Lost In Limoges

From the sheep-dotted pastures of France's underpopulated Southwest, Limoges rises in all its grey glory. The city's claim to fame: fine porcelain. The half-timbered houses of the Medieval center are surrounded by strip malls and McDo. Land-hungry Brits descend with flailing pocketbooks (thanks, RyanAir). The weather is remarkably cool year-round. Sure, I live on rue de Nice, but this is NOT the Cote d'Azur. Welcome to Limoges, "the middle of nowhere"-- or as Pierre says "everywhere"-- France.

Saturday, March 24, 2007

A Day in Périgueux

Périgueux is pleasant even on a non-market day. Dating from Roman times, the city is built on a hill overlooking the River Isle. It boasts a beautiful Medieval quartier, Roman ruins, and stunning cathedral that resembles a domed mosque. (The cathedral is impossibly ornate-- almost tacky-- with five domes. Apparently, the restoration process was overseen by Abadie, of Paris' Sacré Coeur fame.) Whenever I wander through the tiny alleys, I marvel at the shiny white limestone which is threaded through the cobble stone streets. (You can just make it out in the photo.)

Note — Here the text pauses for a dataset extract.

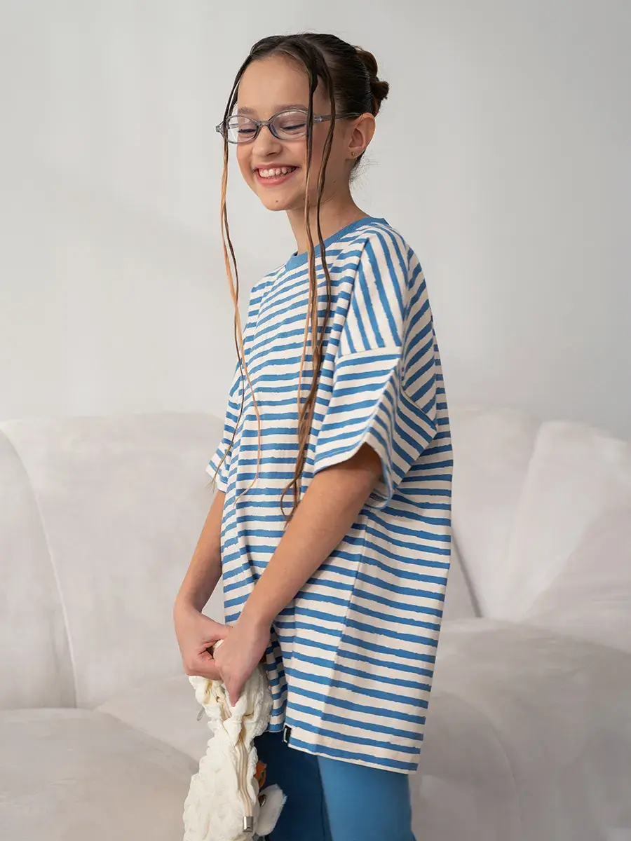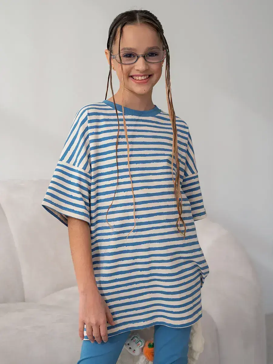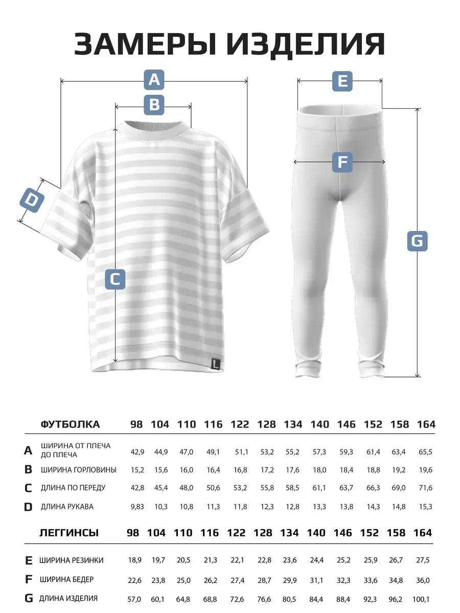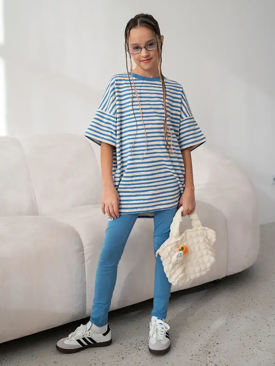 Комплект из футболки и лосин подходит детям и подросткам. Эта одежда станет отличным выбором для маленьких модниц. Яркая футболка с принтом "тельняшка" привлекает внимание и создает стильный образ. Леггинсы идеально дополняют наряд. Они предлагают комфорт в повседневной носке для девочки.

These alleys are lined with ancient houses and boutiques so beautiful that I always feel compelled to buy something, no matter how impractical. There is a fromagerie with murals of the campagne painted on the walls, chocolate stores with elegant window displays, and wine shops brimming with crystal and tempting bottles. And of course there is foie gras everywhere you turn.

(The photo at right depicts a random wall painting I found while walking through the city. Looks like drunken Medieval debauchery to me.)